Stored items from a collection
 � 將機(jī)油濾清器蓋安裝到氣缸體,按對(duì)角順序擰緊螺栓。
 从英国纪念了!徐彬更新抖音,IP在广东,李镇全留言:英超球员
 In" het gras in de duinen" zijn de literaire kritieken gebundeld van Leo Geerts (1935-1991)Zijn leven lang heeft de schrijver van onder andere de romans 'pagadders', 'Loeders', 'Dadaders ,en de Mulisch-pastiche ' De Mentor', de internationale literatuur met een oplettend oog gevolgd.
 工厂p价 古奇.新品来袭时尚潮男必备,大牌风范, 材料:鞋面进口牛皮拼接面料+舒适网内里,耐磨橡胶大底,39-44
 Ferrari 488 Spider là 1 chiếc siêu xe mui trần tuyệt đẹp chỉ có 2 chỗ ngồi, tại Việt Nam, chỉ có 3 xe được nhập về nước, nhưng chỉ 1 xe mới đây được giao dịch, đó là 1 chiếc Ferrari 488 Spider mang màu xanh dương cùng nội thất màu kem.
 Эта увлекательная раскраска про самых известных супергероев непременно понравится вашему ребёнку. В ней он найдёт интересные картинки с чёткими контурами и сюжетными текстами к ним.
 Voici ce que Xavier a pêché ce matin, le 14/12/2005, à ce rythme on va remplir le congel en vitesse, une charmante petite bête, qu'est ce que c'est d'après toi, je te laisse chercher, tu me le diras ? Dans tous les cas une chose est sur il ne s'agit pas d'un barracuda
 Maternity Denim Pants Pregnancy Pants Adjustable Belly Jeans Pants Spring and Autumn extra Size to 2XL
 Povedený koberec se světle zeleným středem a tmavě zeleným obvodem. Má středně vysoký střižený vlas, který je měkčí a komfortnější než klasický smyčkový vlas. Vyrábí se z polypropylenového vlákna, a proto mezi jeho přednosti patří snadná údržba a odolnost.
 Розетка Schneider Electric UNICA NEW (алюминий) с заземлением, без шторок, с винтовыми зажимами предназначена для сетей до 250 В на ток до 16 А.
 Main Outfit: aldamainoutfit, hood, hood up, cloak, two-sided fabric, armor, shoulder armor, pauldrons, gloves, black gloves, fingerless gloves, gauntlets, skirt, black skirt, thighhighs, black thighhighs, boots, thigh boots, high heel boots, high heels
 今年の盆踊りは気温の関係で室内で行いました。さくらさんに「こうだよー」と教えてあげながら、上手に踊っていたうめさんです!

WORK REQUIRED
Beginning at the first line of the records, retype exactly every line up to and including the one with "工厂p价 古奇.新品来袭时尚潮男必备,大牌风范, 材料:鞋面进口牛皮拼接面料+舒适网内里,耐磨橡胶大底,39-44".

EXERCISE OUTPUT
 � 將機(jī)油濾清器蓋安裝到氣缸體,按對(duì)角順序擰緊螺栓。
 从英国纪念了!徐彬更新抖音,IP在广东,李镇全留言:英超球员
 In" het gras in de duinen" zijn de literaire kritieken gebundeld van Leo Geerts (1935-1991)Zijn leven lang heeft de schrijver van onder andere de romans 'pagadders', 'Loeders', 'Dadaders ,en de Mulisch-pastiche ' De Mentor', de internationale literatuur met een oplettend oog gevolgd.
 工厂p价 古奇.新品来袭时尚潮男必备,大牌风范, 材料:鞋面进口牛皮拼接面料+舒适网内里,耐磨橡胶大底,39-44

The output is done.